The color red loses it's redness at about 12 to 15 feet depths. It basically just loses it's color and registers as black. Now, that does not mean that red is a bad color, and in fact a ton of fishermen believe that a little red on a lure is a good advantage to present on or about a lure. Some of the best lures of bygone days were combinations of red and white. I don't know if transparancy has anything to do with red losing color, opaqueness or translucent may or may have a little difference in the depth. On the one hand, I tie a silver and red jig that so far has caught 21 species of fish....also when fishing a seven inch black culprit worm weightless, I added an oblong transparent red glass bead for a head and had a couple huge strikes on the surface.....I personally think it helps and if below the color depth, there is nothing wrong with fishing dark colors either even if it's no longer red, it will sillouette nicely with the light sky above.


----------



## redbug (Mar 8, 2009)

Mac said:


> .....I personally think it helps and if below the color depth, there is nothing wrong with fishing dark colors either even if it's no longer red, it will sillouette nicely with the light sky above.

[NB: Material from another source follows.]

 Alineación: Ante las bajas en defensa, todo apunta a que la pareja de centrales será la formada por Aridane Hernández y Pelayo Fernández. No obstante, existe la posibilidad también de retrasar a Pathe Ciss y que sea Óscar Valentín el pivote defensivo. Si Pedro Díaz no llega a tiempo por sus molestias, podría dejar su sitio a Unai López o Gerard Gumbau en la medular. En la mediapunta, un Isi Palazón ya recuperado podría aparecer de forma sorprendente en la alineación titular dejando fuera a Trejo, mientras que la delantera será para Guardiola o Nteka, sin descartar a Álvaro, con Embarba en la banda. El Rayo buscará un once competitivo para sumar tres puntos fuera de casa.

If you think it helps then It does confidence it a big part of fishing. how many times do you find yourself having a tough day, and reach into you tackle and pull out your old trusty lure that you know will catch fish and bingo..


----------



## ilinimud (Mar 8, 2009)

Yeah...I wish it would happen a lot more often too! LoL


----------



## fish devil (Mar 12, 2009)

:twisted: I rarely peg unless I'm pitching into heavy cover with plastics. 3/16 -1/4 oz unpainted tungsten are my main sizes.


----------